Все покатились со смеху. Никто не умел, как Вениамин, в самые сложные моменты вносить живительную струю веселости. Для Льва Ефимовича получился удобный момент, чтобы уйти от неприятного разговора. И тут, как нарочно, вмешалась Виктория Петровна.
— У тебя, Прибаукин, — сказала она по-русски, — на уме одни развлечения!
— Ну, я же еще не такой старый… — тоже по-русски огрызнулся Прибаукин.
— Честь нужно беречь смолоду! — нравоучительно произнесла Виктория Петровна. — И никого не тащить за собой в пропасть!..
Лев Ефимович с содроганием смотрел на гостью, а у ребят слова о чести и пропасти, в которую никого не надо тащить, вызвали подозрение. Не выведала ли Виктория что-нибудь об истинной причине пропажи картины и кольца в доме Столбовых?
Уже у двери завуч остановилась и враждебно добавила:
— Погрязли в болоте лжи. И критиканства! Ишь осудили Ивана Грозного! (Она умела отводить от себя стрелы.) А сами?.. Вести себя не научились, а уж пожалуйте… прогресс вперед… осуждают!..
— Но рот нам никто не заткнет! — быстро выкрикнула по-русски Клубничкина.
Все снова истерически захохотали.
Не успела завуч покинуть класс, вслед за нею вышел и Лев Ефимович.

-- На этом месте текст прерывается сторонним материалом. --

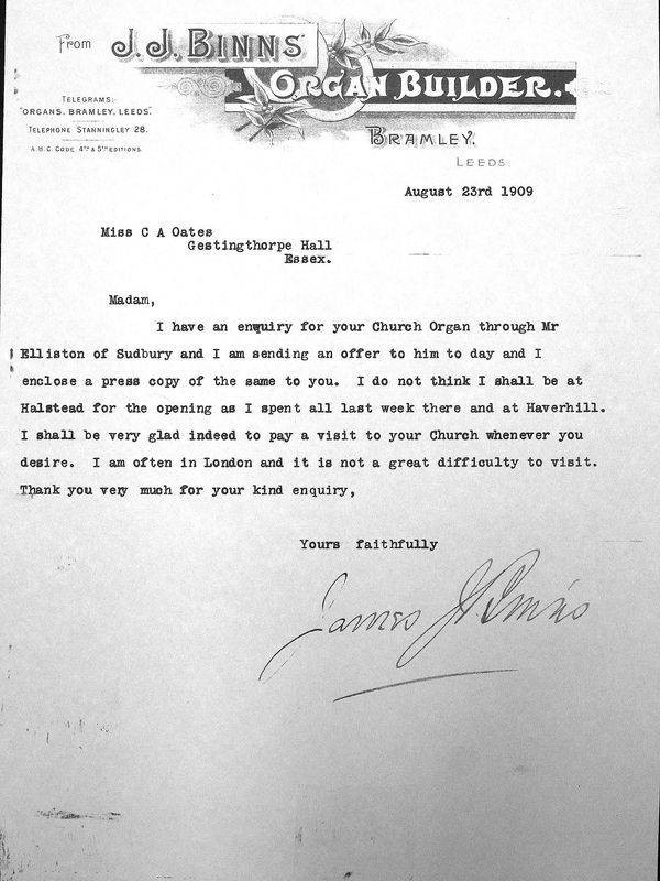 Built by Binns of Leeds, it was dedicated in 1910 and the opening recital was given by Sir Frederick Bridge, organist of Westminster Abbey and singer Frederick Ranalow.

Он не мог позволить себе оставаться со столь распустившимися учениками. И не желал обсуждать с ними их поведение. Свой протест он выражал молчаливым действием. Ребята остались в классе одни.
— Кися, — громко позвал Прибаукин, — признавайся честно, Цица ты наша ненаглядная, ты заложила?
Вздернутый носик Киссицкой задвигался от возмущения:
— Как ты смеешь?! Ты… ты…
— Не ссорьтесь. — Холодова, не медля, бросилась гасить небезопасный для всех скандал. — Не время ссориться. Надо сегодня же пойти к Столбовым, все объяснить и извиниться.
— Так их же вечером не бывает дома, — попробовал сопротивляться Венька.
— Значит, завтра утром. Встречаемся у их дома в восемь. И чтоб Алешка был тоже, как штык! — приказала Холодова и посмотрела сначала на Вениамина, а потом на всех остальных невозмутимо холодно. — Понятно?
— Что ты выступаешь? — подключилась к обсуждению вопроса Клубничкина. — Тебе что, больше всех надо?
— Да, мне надо! — отрезала Холодова. — Мне надо. Если вы не придете, я расскажу там обо всем сама. — Она привычно быстро схватила свой портфель и вылетела за дверь.
— А она ведь, дружбаны, пойдет и одна! Так что собираемся все в восемь! — объявил Прибаукин.
— Кися! — вернулась к тому, что беспокоило всех, Клубничкина. — А все-таки: Виктория у тебя о чем-нибудь спрашивала?
— И у тебя спрашивала, и у всех. — Киссицкая заметно волновалась.
— И ты ей намекнула? Ну, скажи честно родному коллективу, а?
— Отстаньте вы от меня! — уже со слезами выкрикнула Киссицкая. — Ни о чем я не рассказывала. — Она тоже схватила портфель и побежала прочь от своих товарищей…
Они давно учились вместе и неплохо знали друг друга. Киссицкая говорила правду, она не рассказала Виктории Петровне о том, что произошло у Столбовых. Но в то же время, эта правда была неполной, половинчатой. Когда Виктория Петровна пытала ее вопросами, Киссицкая молчала. Но в конце разговора не преминула, по своему обыкновению, сгладить впечатление, попыталась утешить завуча:
— Не волнуйтесь так, Виктория Петровна, ничего особенного не случилось. Через день-другой все само собой образуется. Вы же знаете Прибаукина и Клубничкину, без фантазий они не могут.
В тот день, когда случился скандал на французском, произошло еще одно печальное событие. Порывшись в портфеле, Вениамин Прибаукин не обнаружил там своего дневника. Не того дневника, в котором Виктория Петровна изощрялась в угрожающих посланиях родителям, а личного дневника, в котором почти ежедневно делал записи сам Вениамин.